## Exercise
Starting with the line below that holds "pins, dags. |" and stopping after the line that holds "To address the", transcribe the lines exactly, leaving out all pictures.

[Stored dataset items]
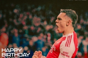 阿森納官方社媒曬出為特羅薩德制作的生日海報(bào),配文:“生日快樂,萊安德羅!”
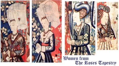 | Stuffed fabric (supporting classic stuffed roll; underpinning) | Women's "chaperon" type hats were said to be stuffed with hair. No extant items of this sort. | Easy to make; cheap, lightweight | The bonnet shape collapses under the weight of a stuffed roll, tall veils and wires, long pins, dags. |
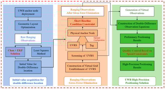 To address the three major challenges faced by UWB positioning in complex indoor environments—weak observation geometric structure, significant interference from ranging gross errors, and notable impact of systematic errors—this chapter proposes a systematic positioning method centered on UWB Virtual Reference Stations (UVRS). As illustrated in Figure 1, this method constructs a complete technical chain from data preprocessing, model solution to result post-processing, specifically encompassing the following four key links:
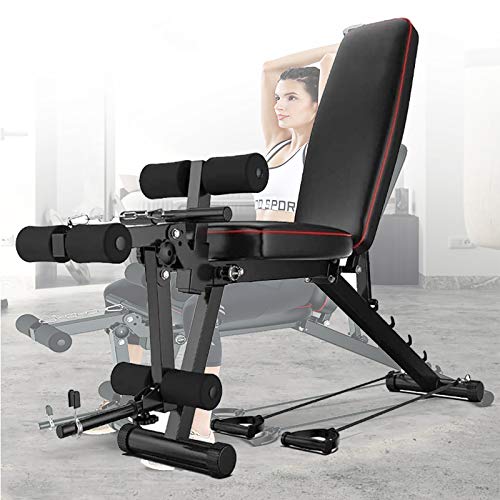Yizc Adjustable Weight Bench,Barbell Lifting Press Exercise Workout Bench for Home Strength Training,Folding Flat Incline Decline Fitness Bench with 2 Rope
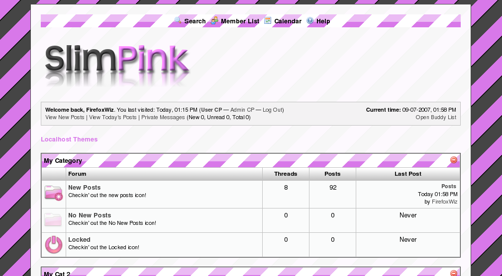 SlimPink is a pink, white, and blackish type theme with stripes.
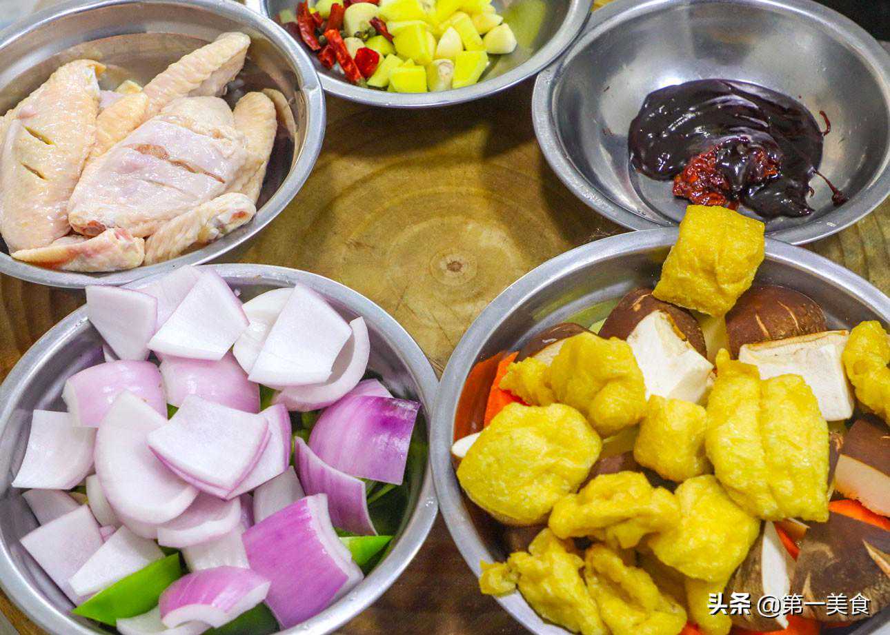 切点土豆块、胡萝卜块、再切点香菇放在一个盆中,再放点豆泡。切点青椒块、洋葱块、大蒜粒、生姜粒抓入一小把干辣椒,几粒青花椒。
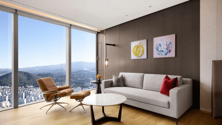 객실에는 75인치 삼성 스마트 TV와 개별 냉·난방 시스템, 블루투스 알람 스피커, 네스프레소 커피 머신을 갖췄다. 침대는 가로, 세로 2M 크기의 슈퍼 킹 베드로 남다른 편안함이 느껴진다. 침구도 맞춤형으로 준비해 놨다.
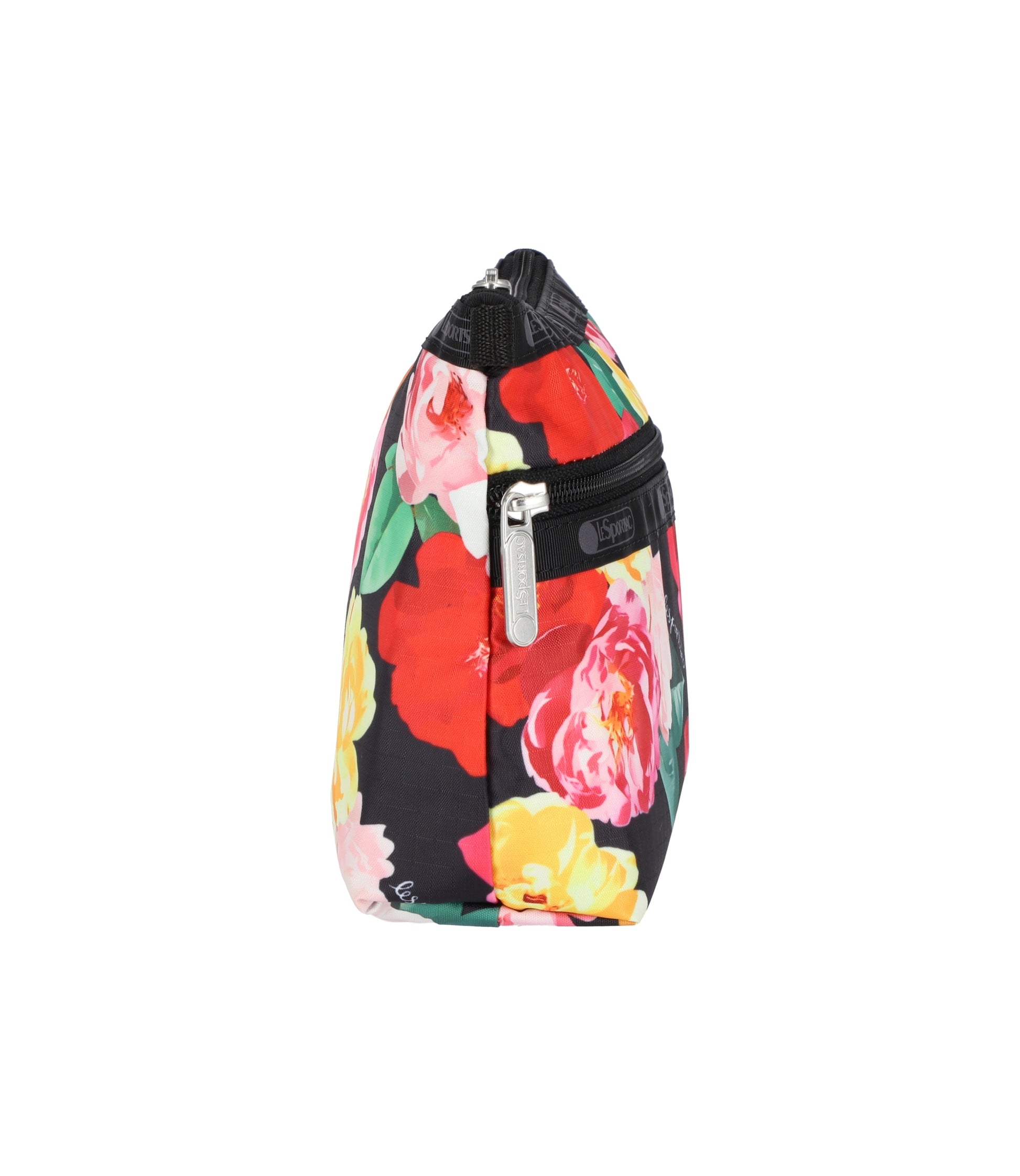 Zipped main closure, Exterior front pocket with zip closure, Side loops.
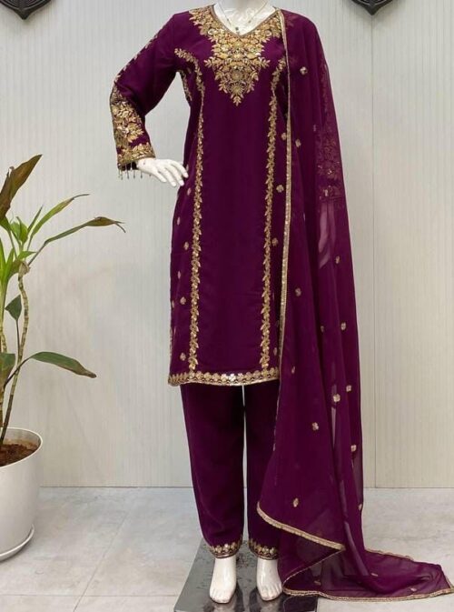 Includes Kurta, Pant & Dupatta with Elegant Sequin Embroidery Work.
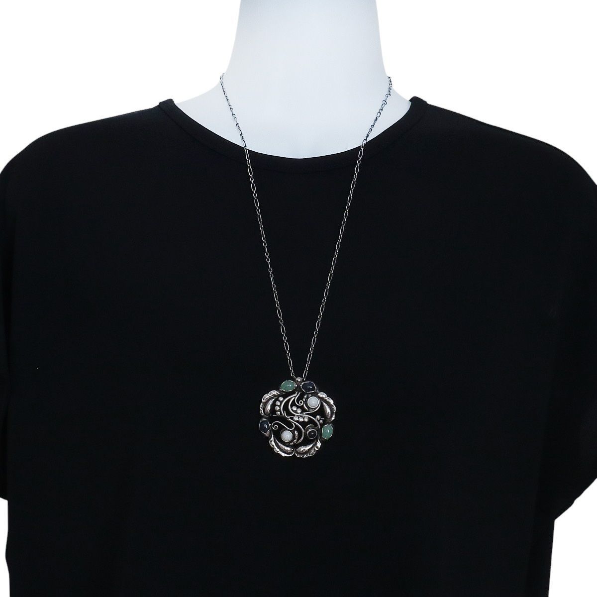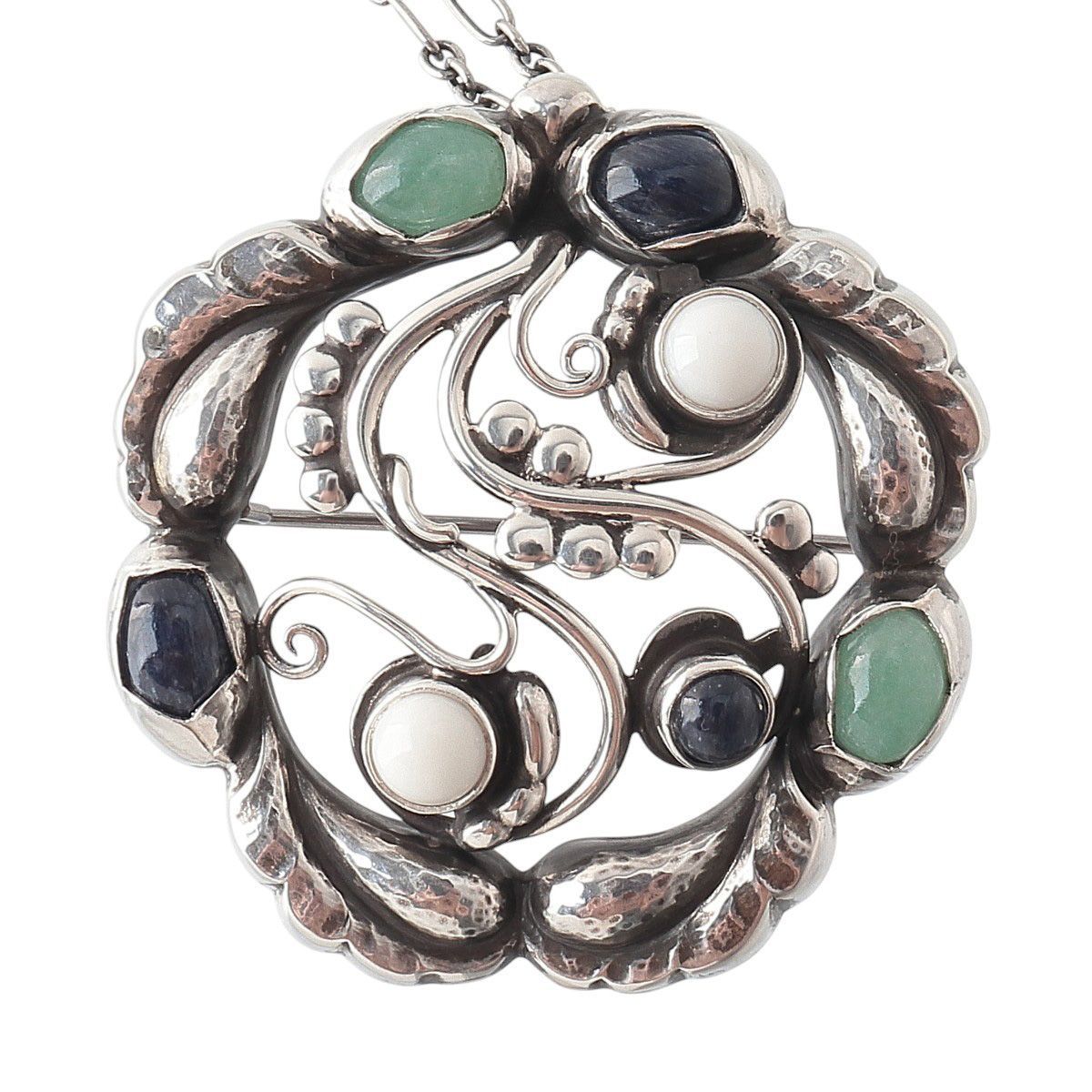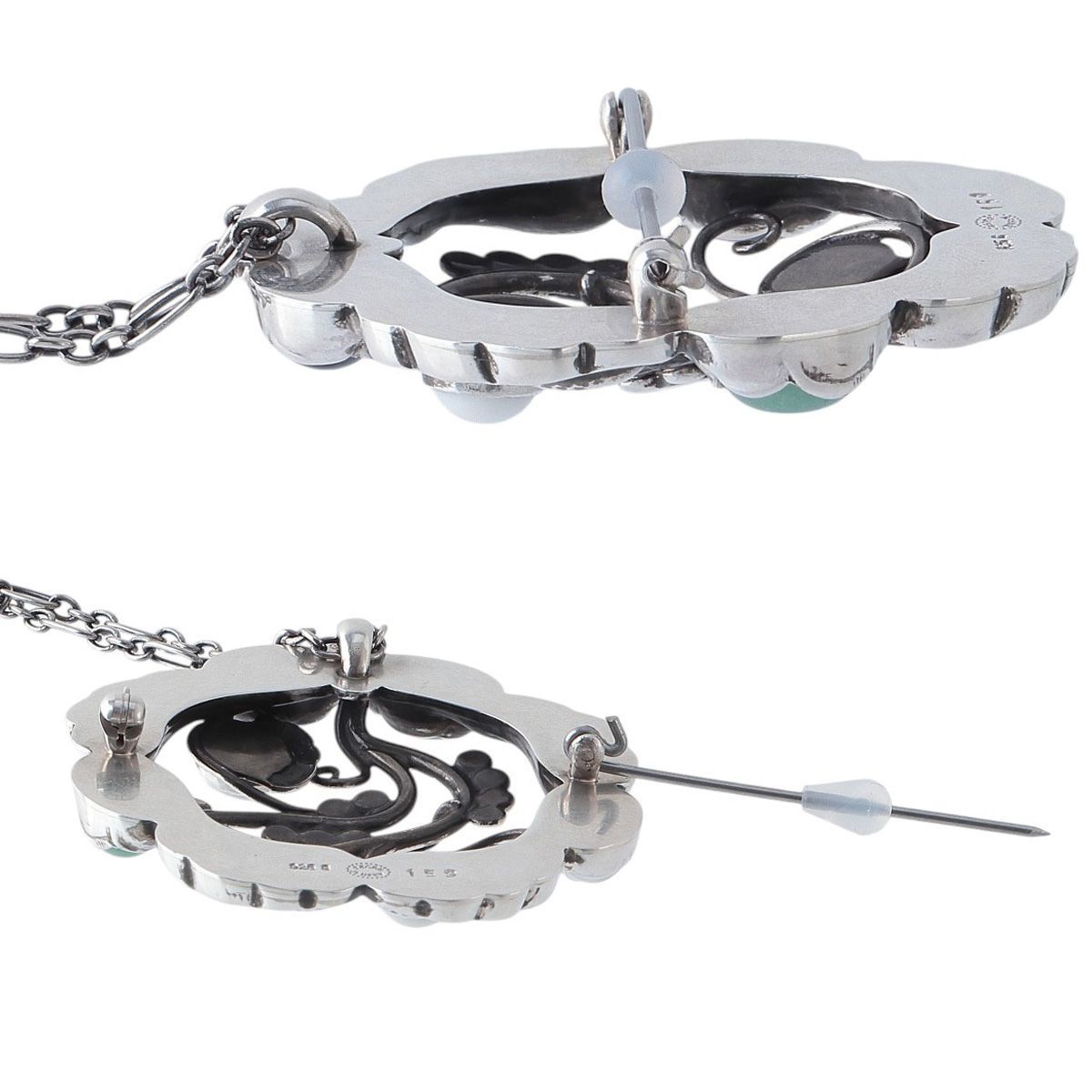 【商品状態】ジョージジェンセンの#159のネックレスです。ペンダントはブローチ兼用になります。色石はアメジストとガーネットかと思われます。シルバー特有の黒ずみと細かいキズ、カラーストーンにわずかなカケがありますが、比較的綺麗な状態です。

## Answer box
 | Stuffed fabric (supporting classic stuffed roll; underpinning) | Women's "chaperon" type hats were said to be stuffed with hair. No extant items of this sort. | Easy to make; cheap, lightweight | The bonnet shape collapses under the weight of a stuffed roll, tall veils and wires, long pins, dags. |
 To address the three major challenges faced by UWB positioning in complex indoor environments—weak observation geometric structure, significant interference from ranging gross errors, and notable impact of systematic errors—this chapter proposes a systematic positioning method centered on UWB Virtual Reference Stations (UVRS). As illustrated in Figure 1, this method constructs a complete technical chain from data preprocessing, model solution to result post-processing, specifically encompassing the following four key links:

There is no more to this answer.